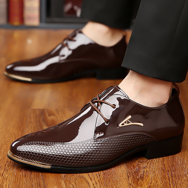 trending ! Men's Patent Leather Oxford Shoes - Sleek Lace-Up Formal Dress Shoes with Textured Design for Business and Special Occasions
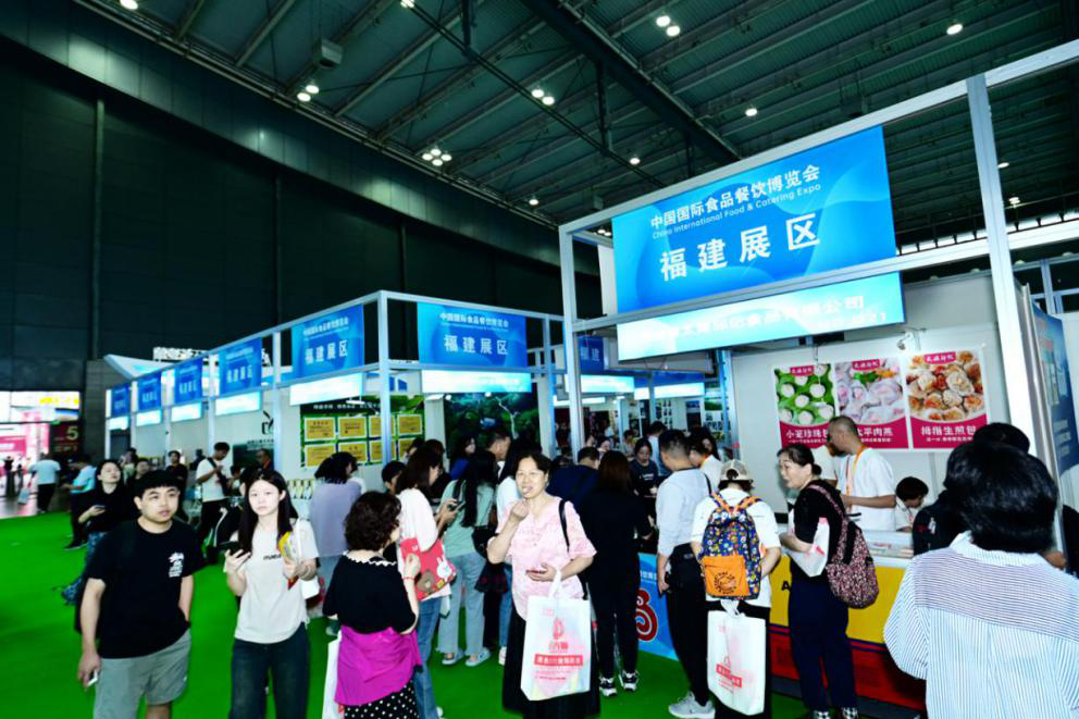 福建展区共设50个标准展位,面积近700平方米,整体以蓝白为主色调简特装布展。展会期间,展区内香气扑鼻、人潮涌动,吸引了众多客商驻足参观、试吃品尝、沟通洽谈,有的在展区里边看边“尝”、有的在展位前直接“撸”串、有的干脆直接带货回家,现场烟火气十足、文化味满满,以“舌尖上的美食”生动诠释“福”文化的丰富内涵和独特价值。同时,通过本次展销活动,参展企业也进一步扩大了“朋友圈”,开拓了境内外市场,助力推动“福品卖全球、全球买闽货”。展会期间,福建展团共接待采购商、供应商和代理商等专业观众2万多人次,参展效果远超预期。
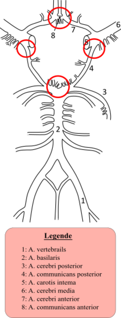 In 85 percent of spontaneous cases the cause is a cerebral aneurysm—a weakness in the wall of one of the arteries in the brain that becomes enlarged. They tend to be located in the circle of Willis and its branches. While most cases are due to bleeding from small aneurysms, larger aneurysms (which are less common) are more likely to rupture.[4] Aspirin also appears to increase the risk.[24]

---

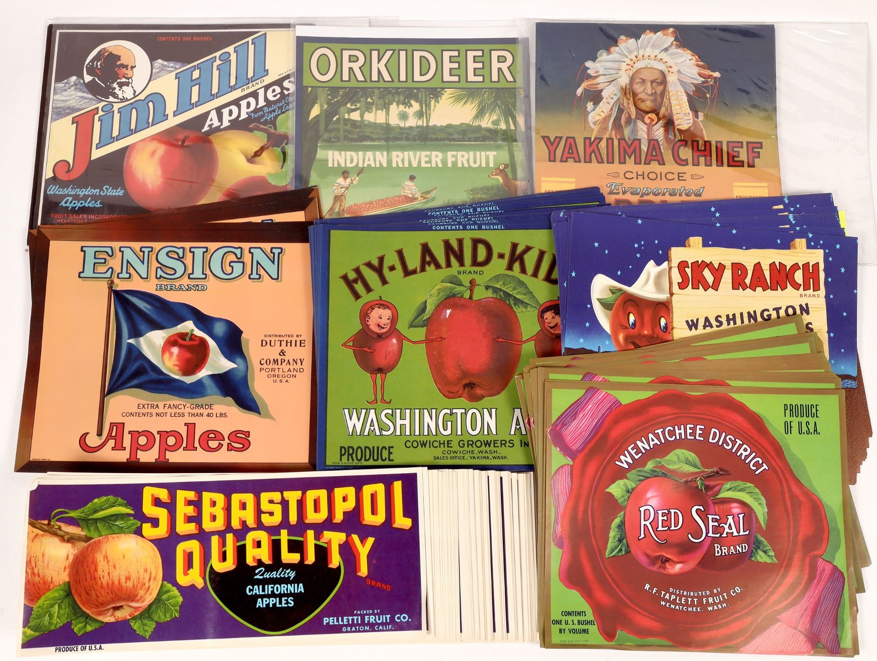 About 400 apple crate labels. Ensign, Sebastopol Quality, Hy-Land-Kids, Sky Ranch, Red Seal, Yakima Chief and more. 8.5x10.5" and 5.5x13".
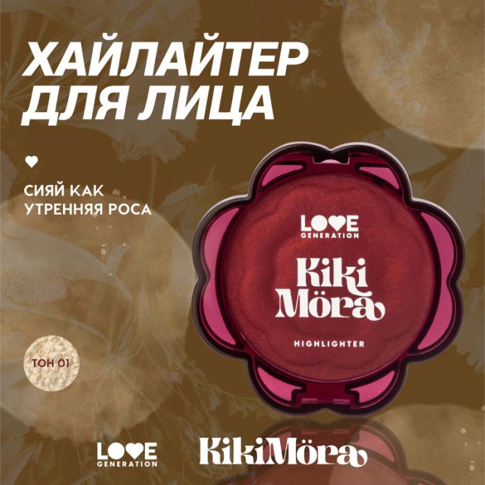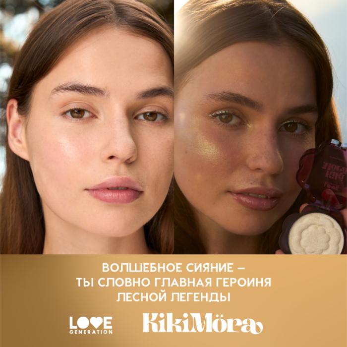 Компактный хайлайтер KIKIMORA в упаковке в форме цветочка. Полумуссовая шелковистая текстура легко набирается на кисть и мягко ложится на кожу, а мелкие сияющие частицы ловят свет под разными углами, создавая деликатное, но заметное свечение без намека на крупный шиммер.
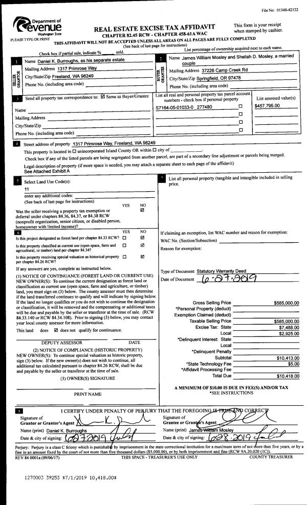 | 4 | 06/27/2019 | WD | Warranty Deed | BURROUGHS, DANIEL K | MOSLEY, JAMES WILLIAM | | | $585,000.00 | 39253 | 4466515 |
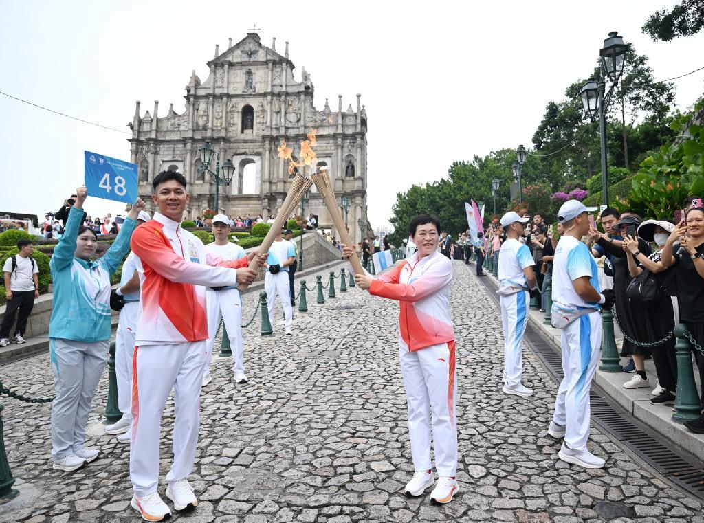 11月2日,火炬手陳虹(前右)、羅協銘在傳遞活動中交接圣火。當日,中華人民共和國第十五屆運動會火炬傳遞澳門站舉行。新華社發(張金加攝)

*Problem requirements*.
In the listing above, find the line containing "39253 | 4466515 |". Output it and every line after it up to and including the line containing "11月2日,火炬手陳虹(前右", exactly, but skip the pictures.

*Your solution*.
 | 4 | 06/27/2019 | WD | Warranty Deed | BURROUGHS, DANIEL K | MOSLEY, JAMES WILLIAM | | | $585,000.00 | 39253 | 4466515 |
 11月2日,火炬手陳虹(前右)、羅協銘在傳遞活動中交接圣火。當日,中華人民共和國第十五屆運動會火炬傳遞澳門站舉行。新華社發(張金加攝)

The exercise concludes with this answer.